Local banks are playing a bigger role in lending on project finance. In some cases, they have cheaper costs of US dollar funding than European banks. However, few are able to offer the long tenors that European banks can assemble, typically being capped at seven or 10 years.

That has bankers thinking creatively on how to include local banks in shorter-term financings. One structure that is increasingly being tested out is the mini perm. Mini perms are shorter-term financings, typically to cover just the construction phase of a project, and are then taken out through local or international capital market financing.

They are popular with local financial institutions, which are just entering the project finance space, which often get to arrange the fee-heavy project finance bond afterwards.

The difficulty is that local project finance bond markets have not gained great trust with local institutional investors: “The project finance bond market seems like a potential saviour, but its use has been relatively limited to areas such as oil rigs with fixed-term contracts,” says Deutsch.

International capital markets are also being used in some deals, for example in the case of Petrobras’ procurement of drilling assets from ships to rigs, says Hu. In recent deals banks have provided short-term financing of some $750 million, which is taken out through the US 144a market, she says. Again, these need strong developer participation to be feasible.

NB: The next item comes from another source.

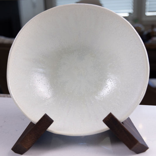 Large Porcelain Crystalized Hemisphere Bowl (Pearlescent White)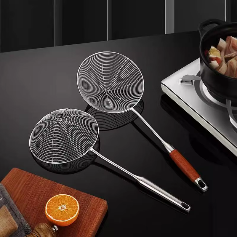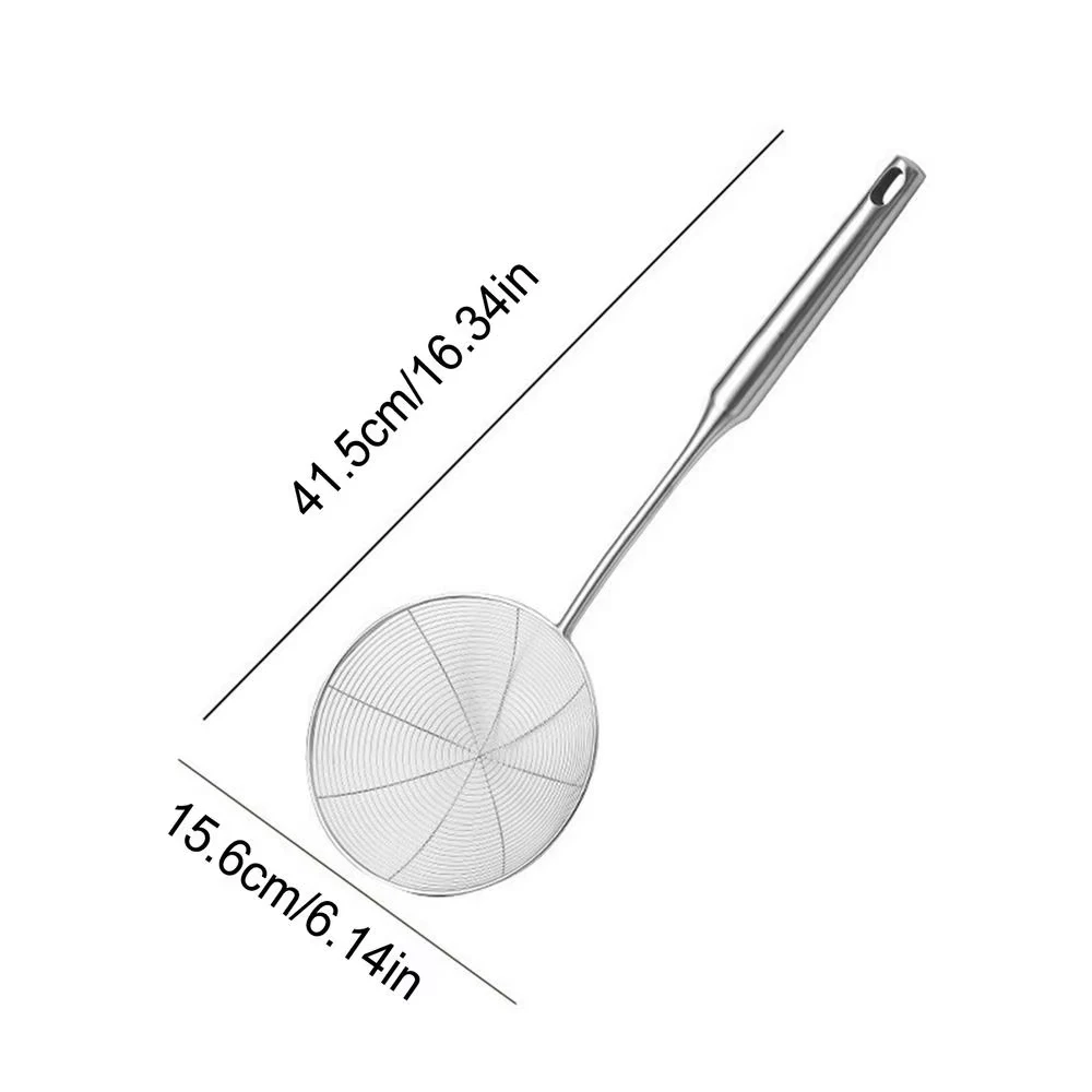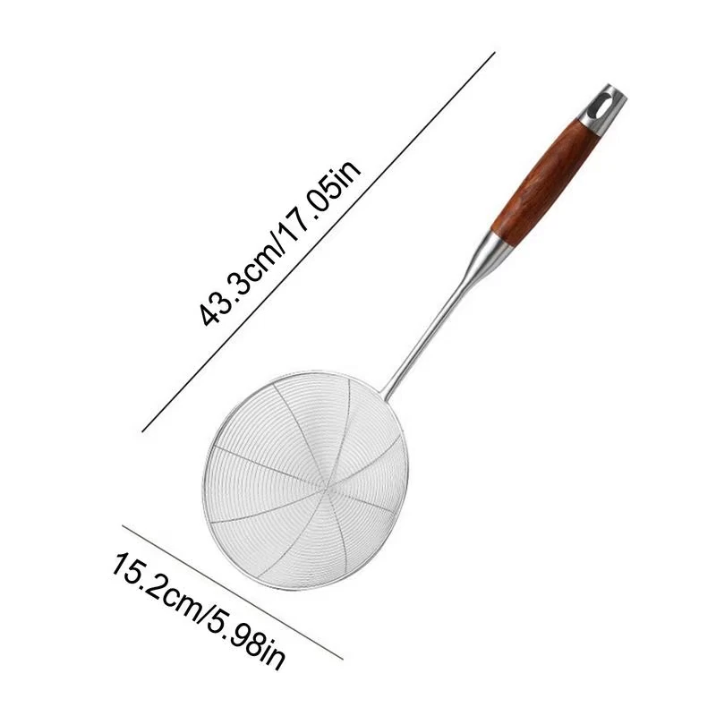 Bullet Points: 1.Great Handle Comfort: The ergonomic handle design of our Spider Strainer allows for a comfortable grip, even during extended use. Enjoy easy cooking with no hand fatigue 2.Dependable Material: Crafted with excellent stainless steel materials, this Spider Strainer provides dependable and sturdy use for your kitchen needs, making it perfect for long-term use 3.Convenient to Suspend: Equipped with a practical suspending ring, the Spider Strainer can be easily hung on the wall for space-saving storage and quick accessibility. Say goodbye to cluttered kitchen drawers 4.Simple Cleaning: With its simple design, this Spider Strainer is very easy to maintain. Hand-wash it with warm water and neutral detergent, or effortlessly put it in the dishwasher for easy cleaning 5.Broad Use: This Spider Strainer with floating foam is perfect for straining noodles, juice, and coarse grains. Its versatility makes it a must-have tool for any kitchen Our Wire Mesh Spider Strainer is a must-have addition to your kitchen gadgets! Designed with a comfortable grip and practical suspending ring, it's suitable for long-term use. Easy to clean and perfect for straining coarse grains. Improve your cooking experience with this practical tool! Specification: Product material: Wood + stainless steel Product weight: Wood: 200g All steel: 180g Product size: Wood: about 43.3x15.2cm/17.05x5.98 inches All steel: about 41.5x15.6cm/16.34x6.14 inches Product List: 1 * Spider Strainer Notes: Due to different lighting and screen settings, the product color may be slightly different from the picture. Due to the difference in manual measurement, please allow a 1-3cm difference in size.

For all these solutions, the hard truth is that some larger deals, of which there are increasingly many, will probably need to be delayed until markets recover. If that is not possible, sponsors are sometimes being advised to break up deals into smaller parts with funding on an as-and-when-needed basis.

But in some cases, such phasing can prove expensive or impractical as the fixed costs get front-loaded into the initial stages, making the deal economics very complicated, says Graham. This year, practicality will be the name of the game for those wanting to get projects up-and-running, he says.

The motto may be “get something workable stitched together for now and worry about optimizing the long-term financing piece later.”

If few expect much activity over much of the year and report disappointing pipelines, and bankers too busy putting together complex deals to worry about chasing new business, some point to the end of the year as a potential turning point.

The light at the end of the tunnel should come from ports and airports, which typically have strong international sponsors and have US dollar revenues, making them some of the safest assets. Interest in such deals is likely to signal a wider recuperation.

But bankers caution that the current crisis does not stem from a flight from risk but a lack of liquidity and a spike in pricing for US dollar funding, which needs to be resolved before the market gets back on an even footing.

With funding at least stabilizing for European banks, this year is likely to be one of slow recuperation. Most bankers admit that the outlook is at best murky with few deals being touted in the market now, and believe that it will be only towards the end of the year that some deal volume returns, in the very safest sectors. “We are concerned by low deal flow,” says Garcia Otero. “But most bankers are just too focused on closing the deals that they have than worry about new business.”